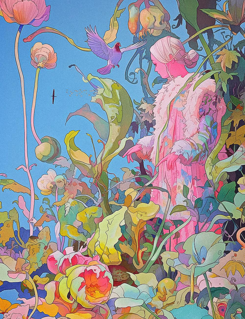 Herstyleisablendofso�linesandcolorgradients, alwayspunctuatedwithcontras�ngshapesthat surpriseanddisruptthear�s�crepresenta�on.
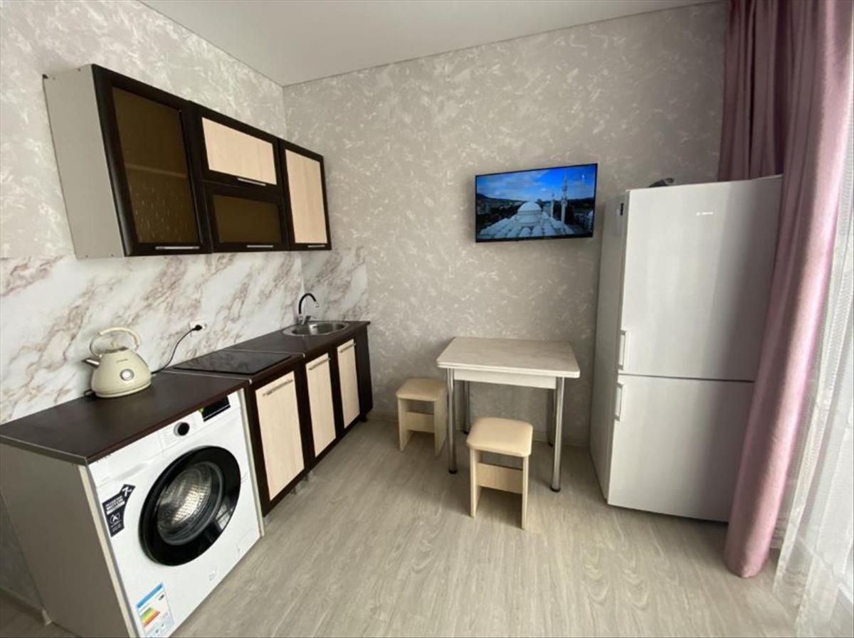 Квартира, полностью оборудована, всей необходимой мебелью и техникой: удобный диван, тумба под телевизор, обеденная зона, кух.гарнитур, холодильник, варочная панель, вытяжка, чайник, 2 больших шкафа под одежду.
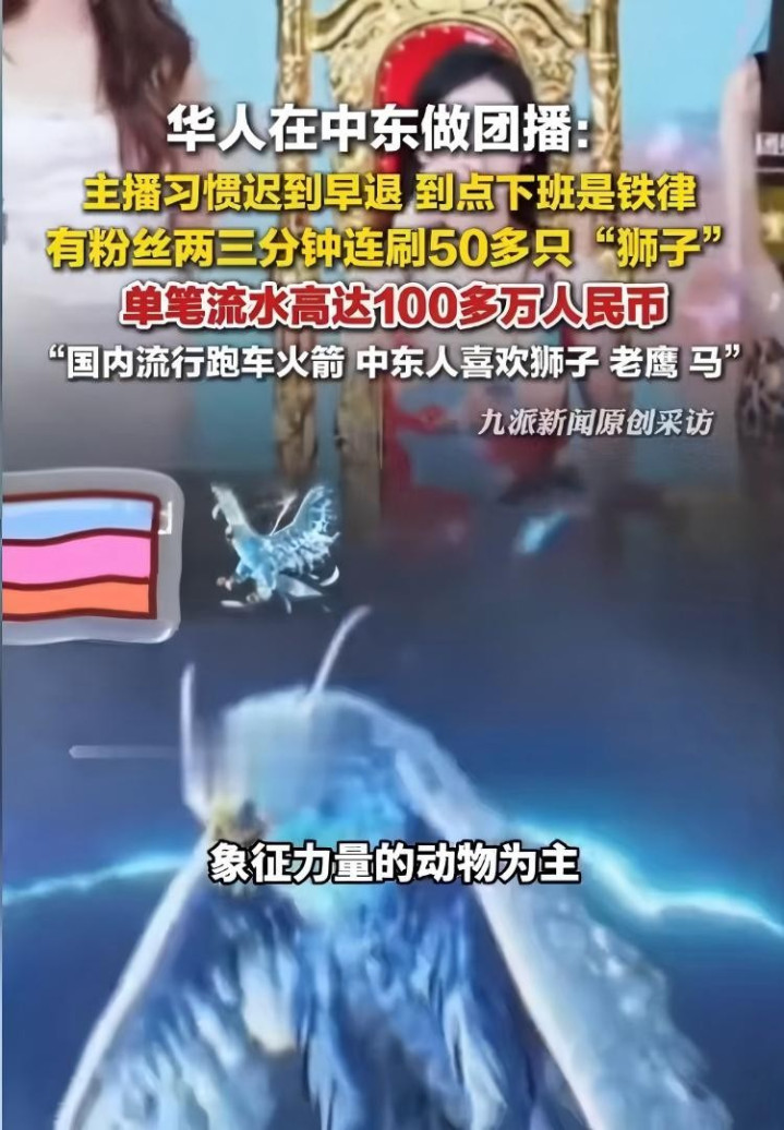 近日,中东直播间掀起疯狂打赏热潮:5分钟内百万人民币砸向屏幕,狮子、骆驼等象征力量的虚拟礼物刷屏,单场直播最高流水突破40万美元。中国团播团队在当地运营时发现,超八成用户为男性,其打赏逻辑与国内截然不同——不为陪伴主播成长,只为“面子”“国家荣誉”甚至榜单排名而战。
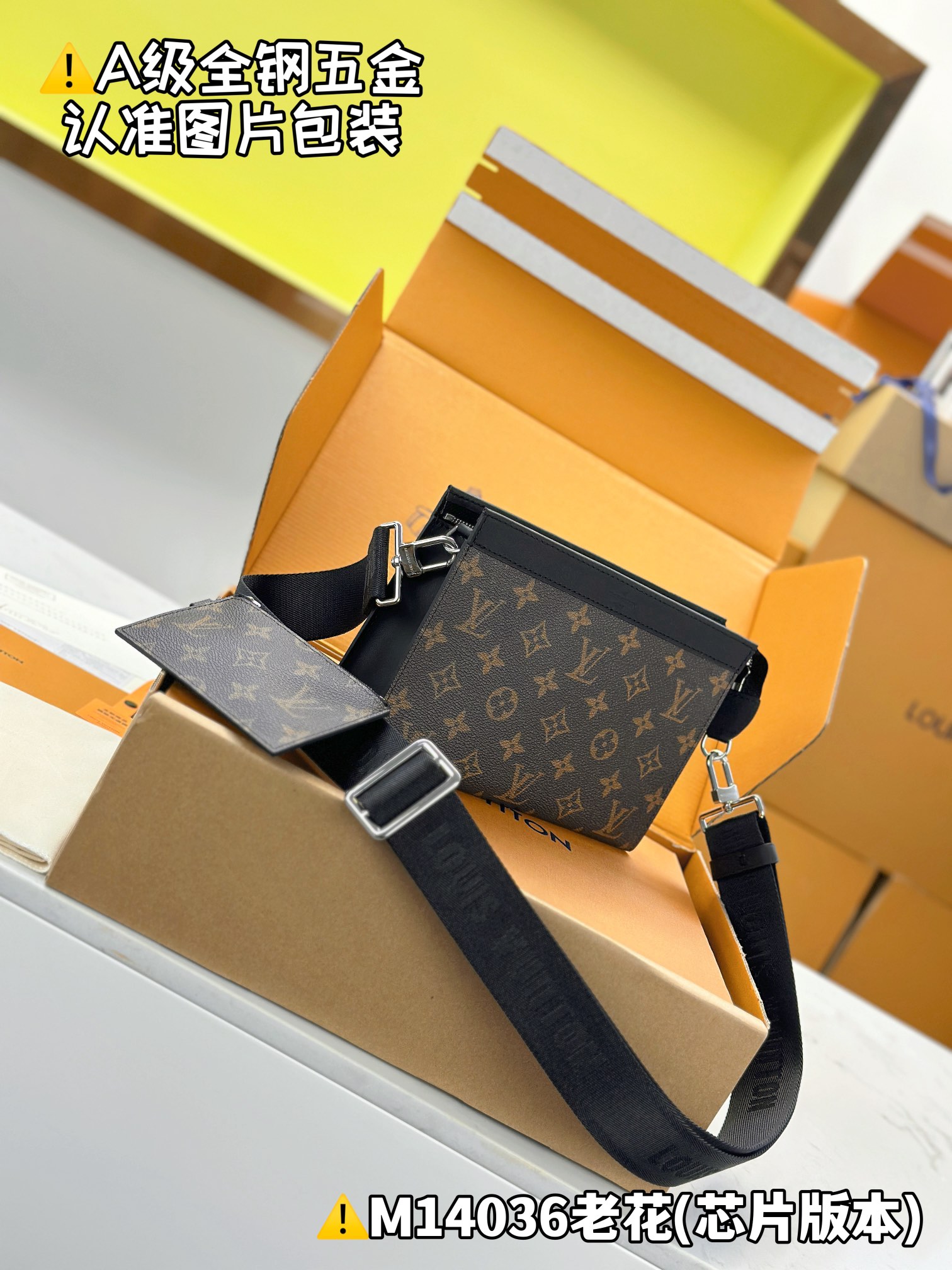 NIGO Louis Vuitton GASTON Classic printed men's and women's fashion Adjustable removable shoulder strap Zipper closure Coated canvas Shoulder bag Handbag Bags M14036 #nigo78445
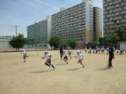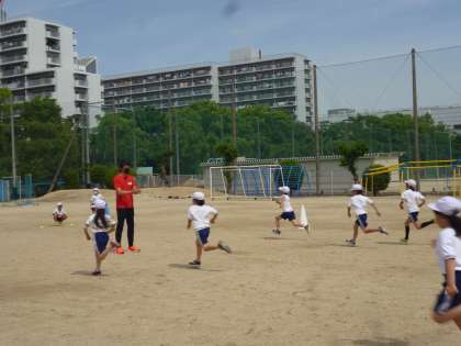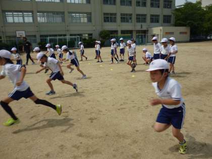 本校では3年生が年3回「NOBY運動プログラム」に取り組んでいます。このプログラムは南港の小学校を対象に、大阪ガス・住之江区役所様が企画・運営される陸上運動のプログラムです。3年生は速く走るための基本を教えていただき、全力で走っていきました。今日は北京オリンピック男子4×100mリレーの銀メダリスト朝原宣治氏が来られ、子どもたちに指導していただきました。
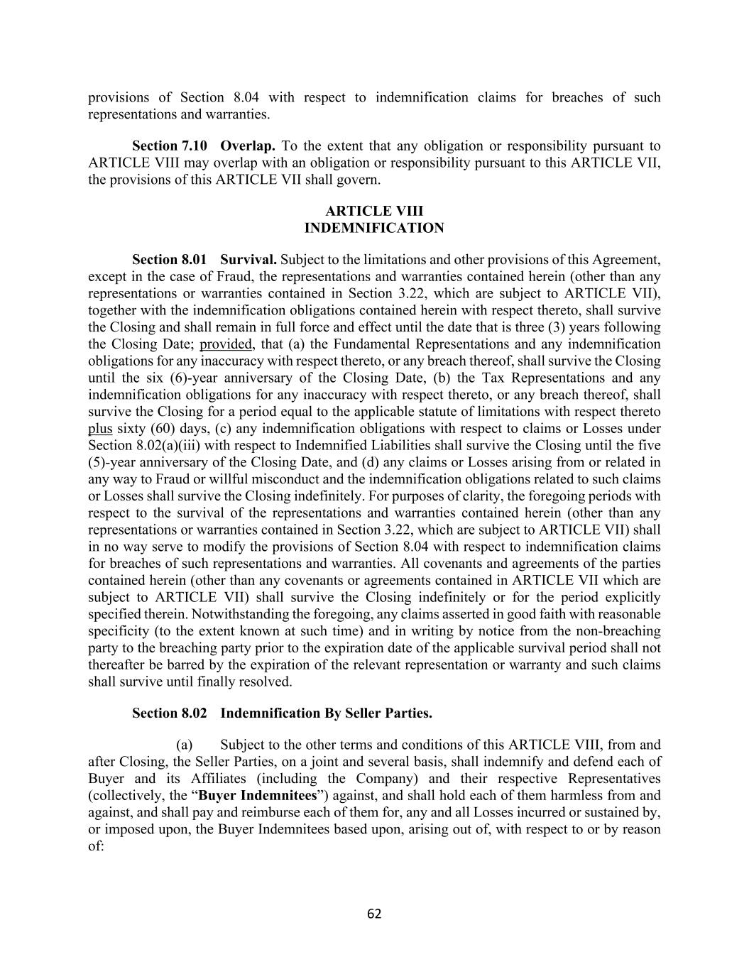 62 provisions of Section 8.04 with respect to indemnification claims for breaches of such representations and warranties. Section 7.10 Overlap. To the extent that any obligation or responsibility pursuant to ARTICLE VIII may overlap with an obligation or responsibility pursuant to this ARTICLE VII, the provisions of this ARTICLE VII shall govern. ARTICLE VIII INDEMNIFICATION Section 8.01 Survival. Subject to the limitations and other provisions of this Agreement, except in the case of Fraud, the representations and warranties contained herein (other than any representations or warranties contained in Section 3.22, which are subject to ARTICLE VII), together with the indemnification obligations contained herein with respect thereto, shall survive the Closing and shall remain in full force and effect until the date that is three (3) years following the Closing Date; provided, that (a) the Fundamental Representations and any indemnification obligations for any inaccuracy with respect thereto, or any breach thereof, shall survive the Closing until the six (6)-year anniversary of the Closing Date, (b) the Tax Representations and any indemnification obligations for any inaccuracy with respect thereto, or any breach thereof, shall survive the Closing for a period equal to the applicable statute of limitations with respect thereto plus sixty (60) days, (c) any indemnification obligations with respect to claims or Losses under Section 8.02(a)(iii) with respect to Indemnified Liabilities shall survive the Closing until the five (5)-year anniversary of the Closing Date, and (d) any claims or Losses arising from or related in any way to Fraud or willful misconduct and the indemnification obligations related to such claims or Losses shall survive the Closing indefinitely. For purposes of clarity, the foregoing periods with respect to the survival of the representations and warranties contained herein (other than any representations or warranties contained in Section 3.22, which are subject to ARTICLE VII) shall in no way serve to modify the provisions of Section 8.04 with respect to indemnification claims for breaches of such representations and warranties. All covenants and agreements of the parties contained herein (other than any covenants or agreements contained in ARTICLE VII which are subject to ARTICLE VII) shall survive the Closing indefinitely or for the period explicitly specified therein. Notwithstanding the foregoing, any claims asserted in good faith with reasonable specificity (to the extent known at such time) and in writing by notice from the non-breaching party to the breaching party prior to the expiration date of the applicable survival period shall not thereafter be barred by the expiration of the relevant representation or warranty and such claims shall survive until finally resolved. Section 8.02 Indemnification By Seller Parties. (a) Subject to the other terms and conditions of this ARTICLE VIII, from and after Closing, the Seller Parties, on a joint and several basis, shall indemnify and defend each of Buyer and its Affiliates (including the Company) and their respective Representatives (collectively, the “Buyer Indemnitees”) against, and shall hold each of them harmless from and against, and shall pay and reimburse each of them for, any and all Losses incurred or sustained by, or imposed upon, the Buyer Indemnitees based upon, arising out of, with respect to or by reason of:
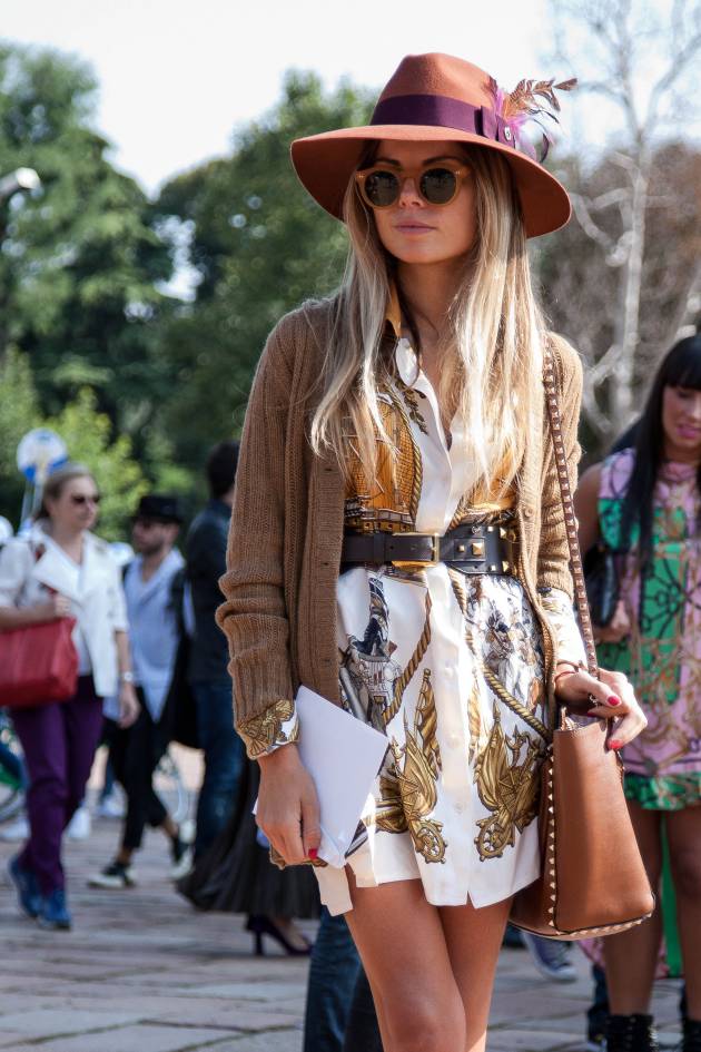 The look. Her style has a distinctly bohemian-chic feel. The base of her outfit is centred on a tunic which is belted at the waist. On top she accessorizes with a gilet and hobo bag in tan leather. To compliment her golden accessories, a felt hat and oversized sunglasses make her look like a glamorous star. This girl sure knows how to put an outfit together!
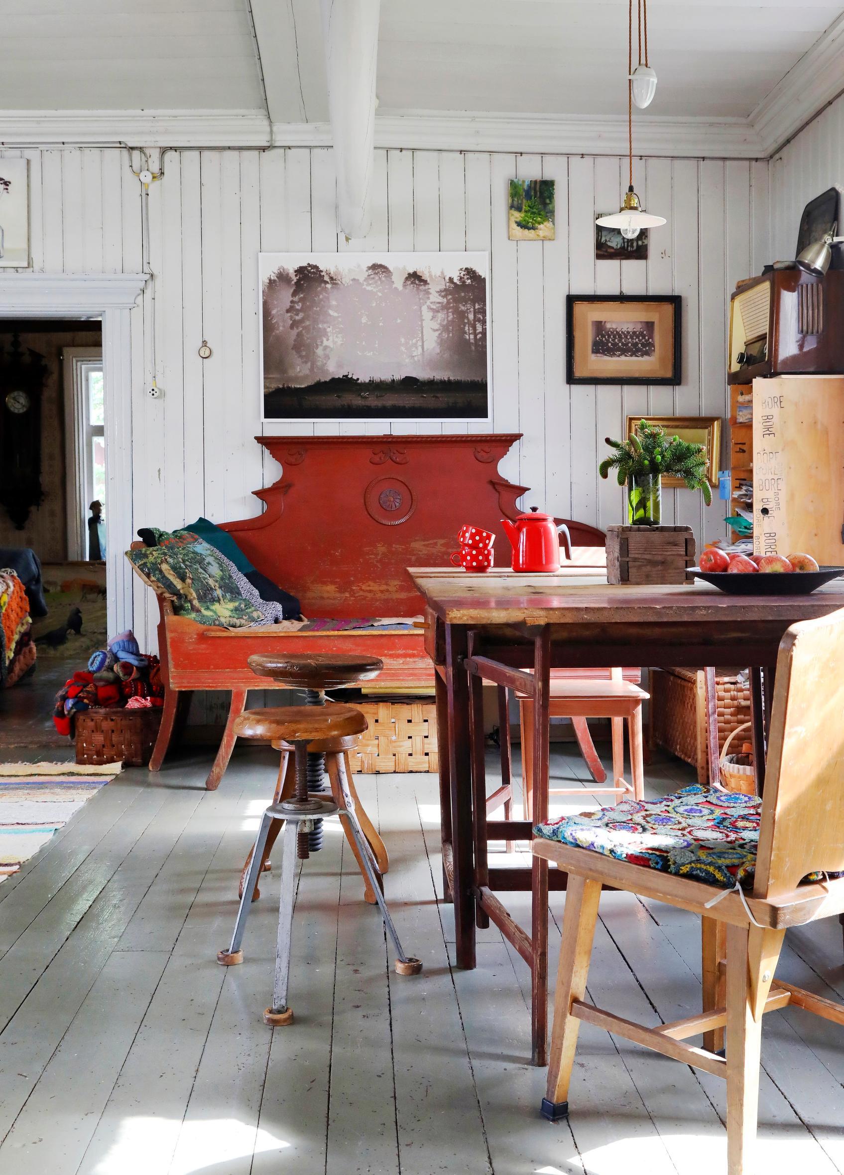 Poet Heli Laaksonen is captivated by the creaking floorboards of the main room, the walls that have witnessed different lives, and the tranquility of southwestern Finland. For eight years, she has lived in the 140-year-old Perävainio farmhouse on the edge of a fertile field with her partner, Miikka Lappalainen. The house is filled with old items they both cherish. Miikka had been collecting them for years before the couple moved in together.
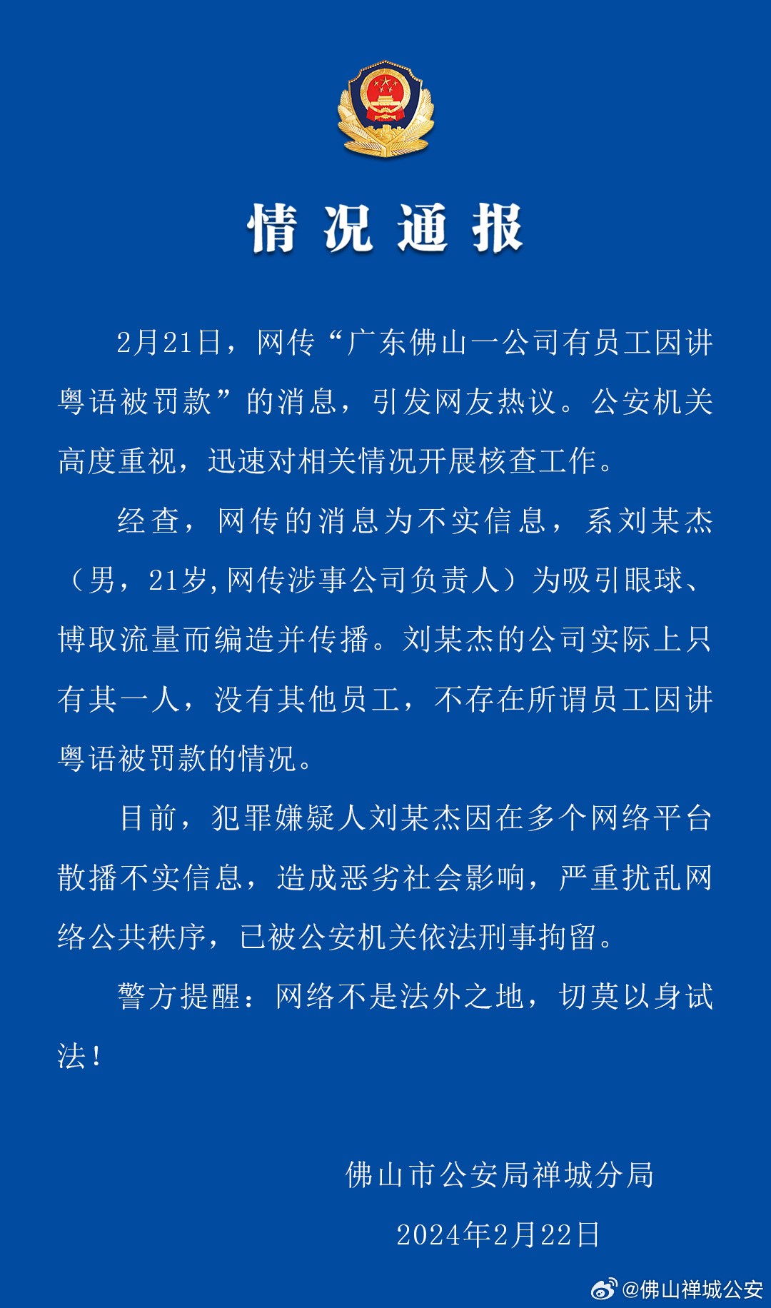 ·廣東佛山一公司有員工因講粵語被罰款?佛山警方:涉事者為吸引眼球編造謠言。
◇ ◇ ◇ ◇ ◇
Exercise aim: A verbatim transcription of the records, pictures excluded, is the required output.

Exercise output:
 Herstyleisablendofso�linesandcolorgradients, alwayspunctuatedwithcontras�ngshapesthat surpriseanddisruptthear�s�crepresenta�on.
 Квартира, полностью оборудована, всей необходимой мебелью и техникой: удобный диван, тумба под телевизор, обеденная зона, кух.гарнитур, холодильник, варочная панель, вытяжка, чайник, 2 больших шкафа под одежду.
 近日,中东直播间掀起疯狂打赏热潮:5分钟内百万人民币砸向屏幕,狮子、骆驼等象征力量的虚拟礼物刷屏,单场直播最高流水突破40万美元。中国团播团队在当地运营时发现,超八成用户为男性,其打赏逻辑与国内截然不同——不为陪伴主播成长,只为“面子”“国家荣誉”甚至榜单排名而战。
 NIGO Louis Vuitton GASTON Classic printed men's and women's fashion Adjustable removable shoulder strap Zipper closure Coated canvas Shoulder bag Handbag Bags M14036 #nigo78445
 本校では3年生が年3回「NOBY運動プログラム」に取り組んでいます。このプログラムは南港の小学校を対象に、大阪ガス・住之江区役所様が企画・運営される陸上運動のプログラムです。3年生は速く走るための基本を教えていただき、全力で走っていきました。今日は北京オリンピック男子4×100mリレーの銀メダリスト朝原宣治氏が来られ、子どもたちに指導していただきました。
 62 provisions of Section 8.04 with respect to indemnification claims for breaches of such representations and warranties. Section 7.10 Overlap. To the extent that any obligation or responsibility pursuant to ARTICLE VIII may overlap with an obligation or responsibility pursuant to this ARTICLE VII, the provisions of this ARTICLE VII shall govern. ARTICLE VIII INDEMNIFICATION Section 8.01 Survival. Subject to the limitations and other provisions of this Agreement, except in the case of Fraud, the representations and warranties contained herein (other than any representations or warranties contained in Section 3.22, which are subject to ARTICLE VII), together with the indemnification obligations contained herein with respect thereto, shall survive the Closing and shall remain in full force and effect until the date that is three (3) years following the Closing Date; provided, that (a) the Fundamental Representations and any indemnification obligations for any inaccuracy with respect thereto, or any breach thereof, shall survive the Closing until the six (6)-year anniversary of the Closing Date, (b) the Tax Representations and any indemnification obligations for any inaccuracy with respect thereto, or any breach thereof, shall survive the Closing for a period equal to the applicable statute of limitations with respect thereto plus sixty (60) days, (c) any indemnification obligations with respect to claims or Losses under Section 8.02(a)(iii) with respect to Indemnified Liabilities shall survive the Closing until the five (5)-year anniversary of the Closing Date, and (d) any claims or Losses arising from or related in any way to Fraud or willful misconduct and the indemnification obligations related to such claims or Losses shall survive the Closing indefinitely. For purposes of clarity, the foregoing periods with respect to the survival of the representations and warranties contained herein (other than any representations or warranties contained in Section 3.22, which are subject to ARTICLE VII) shall in no way serve to modify the provisions of Section 8.04 with respect to indemnification claims for breaches of such representations and warranties. All covenants and agreements of the parties contained herein (other than any covenants or agreements contained in ARTICLE VII which are subject to ARTICLE VII) shall survive the Closing indefinitely or for the period explicitly specified therein. Notwithstanding the foregoing, any claims asserted in good faith with reasonable specificity (to the extent known at such time) and in writing by notice from the non-breaching party to the breaching party prior to the expiration date of the applicable survival period shall not thereafter be barred by the expiration of the relevant representation or warranty and such claims shall survive until finally resolved. Section 8.02 Indemnification By Seller Parties. (a) Subject to the other terms and conditions of this ARTICLE VIII, from and after Closing, the Seller Parties, on a joint and several basis, shall indemnify and defend each of Buyer and its Affiliates (including the Company) and their respective Representatives (collectively, the “Buyer Indemnitees”) against, and shall hold each of them harmless from and against, and shall pay and reimburse each of them for, any and all Losses incurred or sustained by, or imposed upon, the Buyer Indemnitees based upon, arising out of, with respect to or by reason of:
 The look. Her style has a distinctly bohemian-chic feel. The base of her outfit is centred on a tunic which is belted at the waist. On top she accessorizes with a gilet and hobo bag in tan leather. To compliment her golden accessories, a felt hat and oversized sunglasses make her look like a glamorous star. This girl sure knows how to put an outfit together!
 Poet Heli Laaksonen is captivated by the creaking floorboards of the main room, the walls that have witnessed different lives, and the tranquility of southwestern Finland. For eight years, she has lived in the 140-year-old Perävainio farmhouse on the edge of a fertile field with her partner, Miikka Lappalainen. The house is filled with old items they both cherish. Miikka had been collecting them for years before the couple moved in together.
 ·廣東佛山一公司有員工因講粵語被罰款?佛山警方:涉事者為吸引眼球編造謠言。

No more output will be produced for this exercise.